Les participants sont toutefois allés plus loin lundi en bloquant, dès 13 h, le chemin de Manawan pendant un court moment. Le barrage a été démantelé peu après au cours de l'après-midi.

Par communiqué, le groupe Mobilisation Matawanie Ekoni Aci a expliqué ce coup d'éclat en dénoncant «les coupes à blanc qui saccagent le territoire depuis des années», mais aussi l'implantation d'une mine de graphite par Nouveau Monde Graphite près de Saint-Michel-des-Saints, un projet qui a récemment reçu le feu vert du gouvernement.

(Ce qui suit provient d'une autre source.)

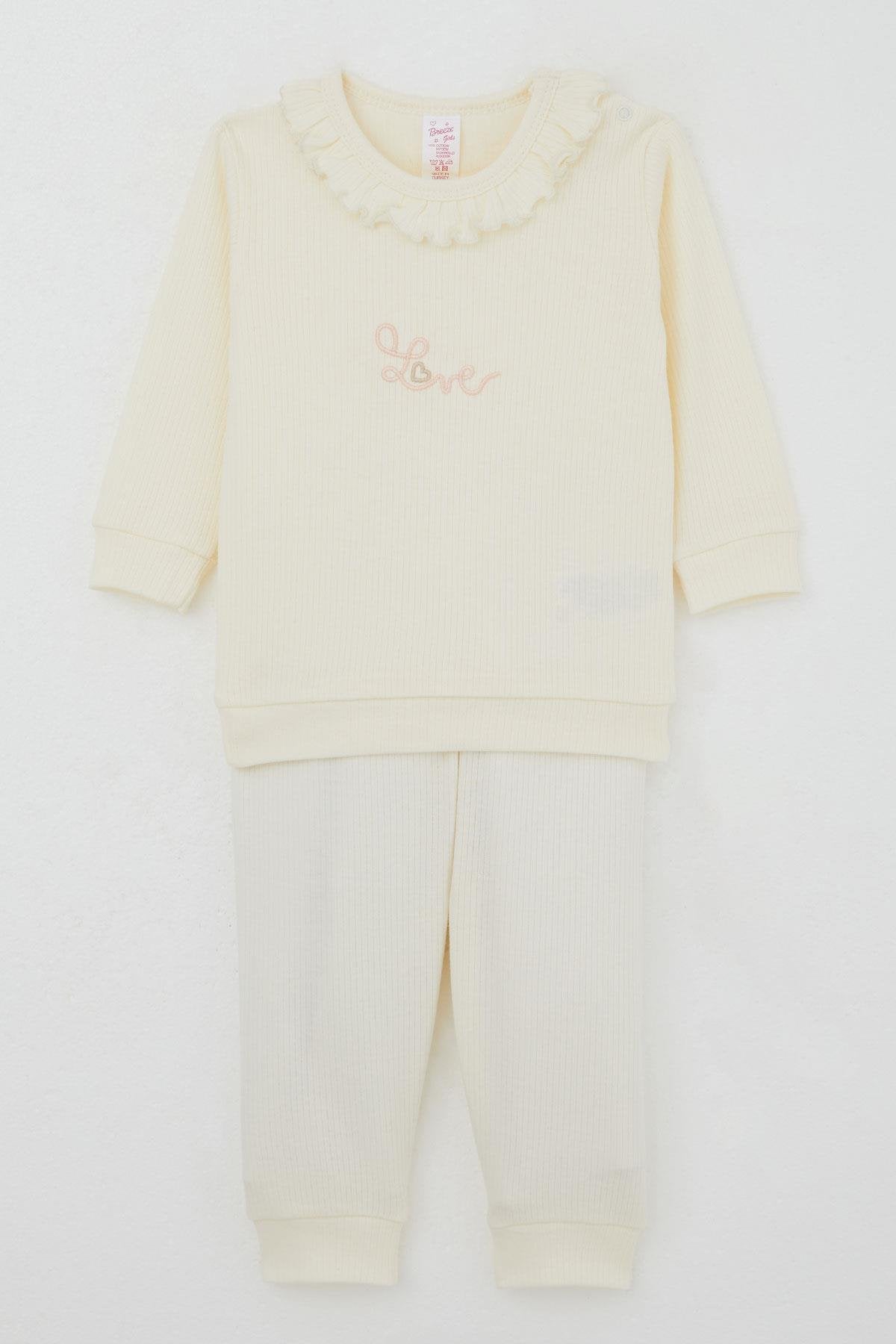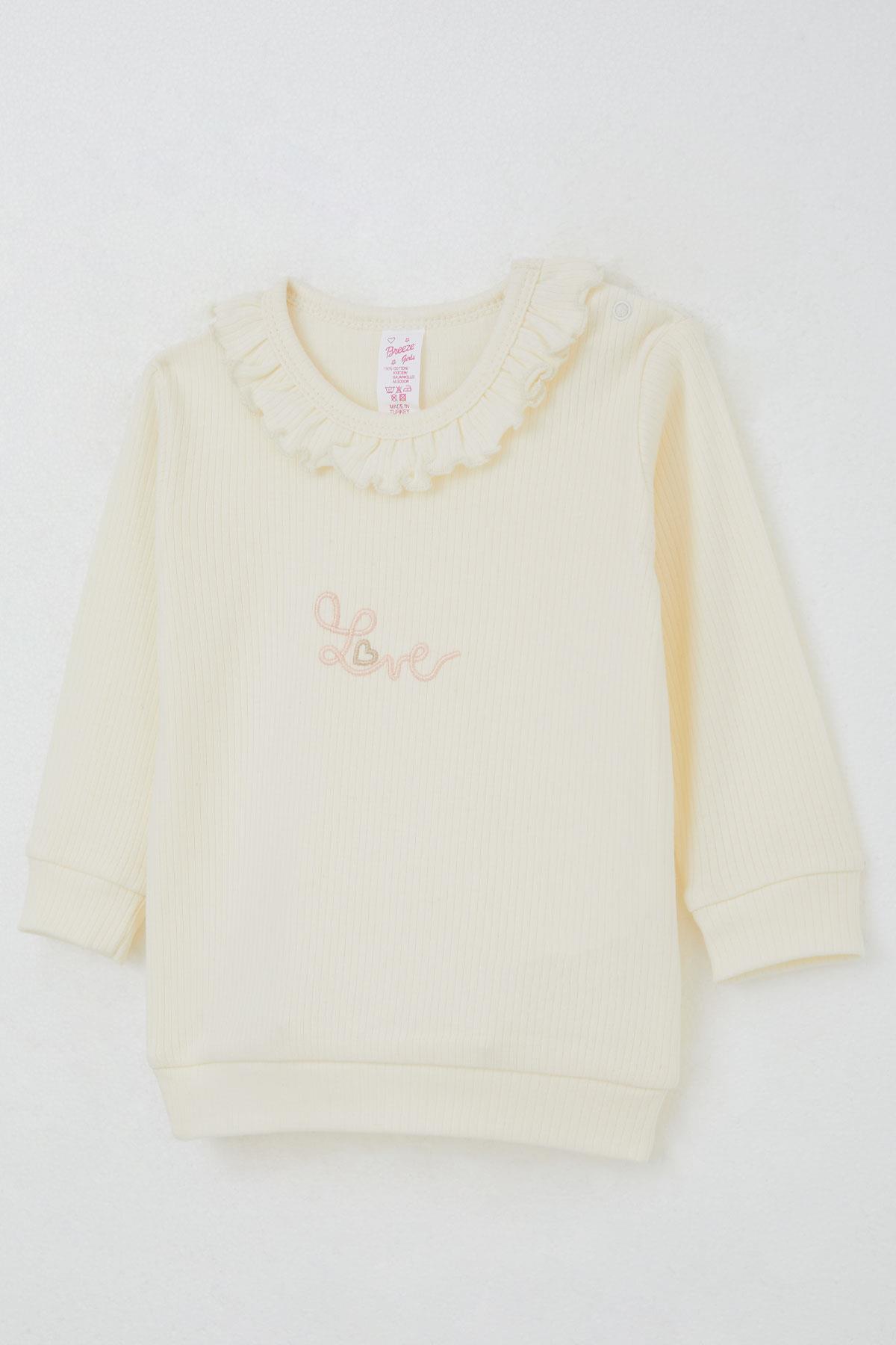BRE Breeze Baby Girl Pajama Set with Frilly Shoulder Buttoned Collar Embroidered with Writing 4 Months Year, Cream - San Germán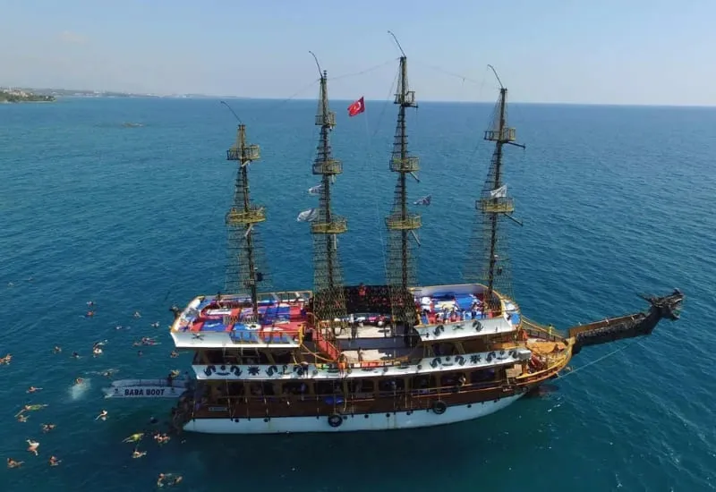 After a short transfer to the harbor, you'll board a spacious, wooden-style double-deck boat designed for comfort and fun. As you leave the harbor behind, you'll cruise along the breathtaking coastline of Side, with the sun shining above and the sea breeze refreshing your spirit. The boat makes several stops at crystal-clear bays and coves, giving you plenty of time to swim, snorkel, or just float peacefully in the calm waters.
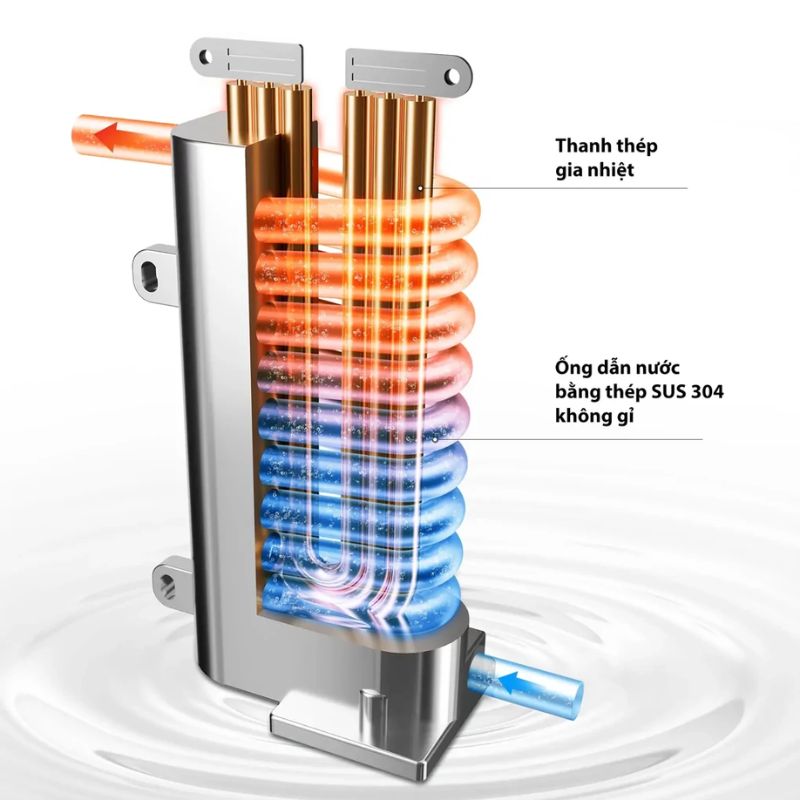 - Thanh nhiệt tách rời nguồn nước: Tự động điều chỉnh công suất làm nóng theo mức nhiệt độ bạn chọn, tối ưu hóa hiệu năng và tiết kiệm năng lượng.

Les militants ont réclamé un moratoire de cinq ans sur la production de ressources forestières, minières et fauniques dans la région, afin de «laisser la nature reprendre ses forces».

Le groupe Mobilisation Matawanie Ekoni Aci, qui a vu le jour en juin 2020, se décrit comme un «mouvement populaire anti-colonial». «Au sein de ce mouvement, nous apprenons humblement à travailler ensemble, autochtones et allochtones, afin d’aller vers la justice sociale et climatique», explique-t-il sur son site internet.

L'organisation ne reconnaît pas la légitimité ni du gouvernement ni du conseil de bande. «Souvent, ces deux gouvernements préfèrent s’entendre ensemble pour le saccager au profit de quelques-uns plutôt que d’en prendre soin pour les sept prochaines générations», a-t-elle dénoncé.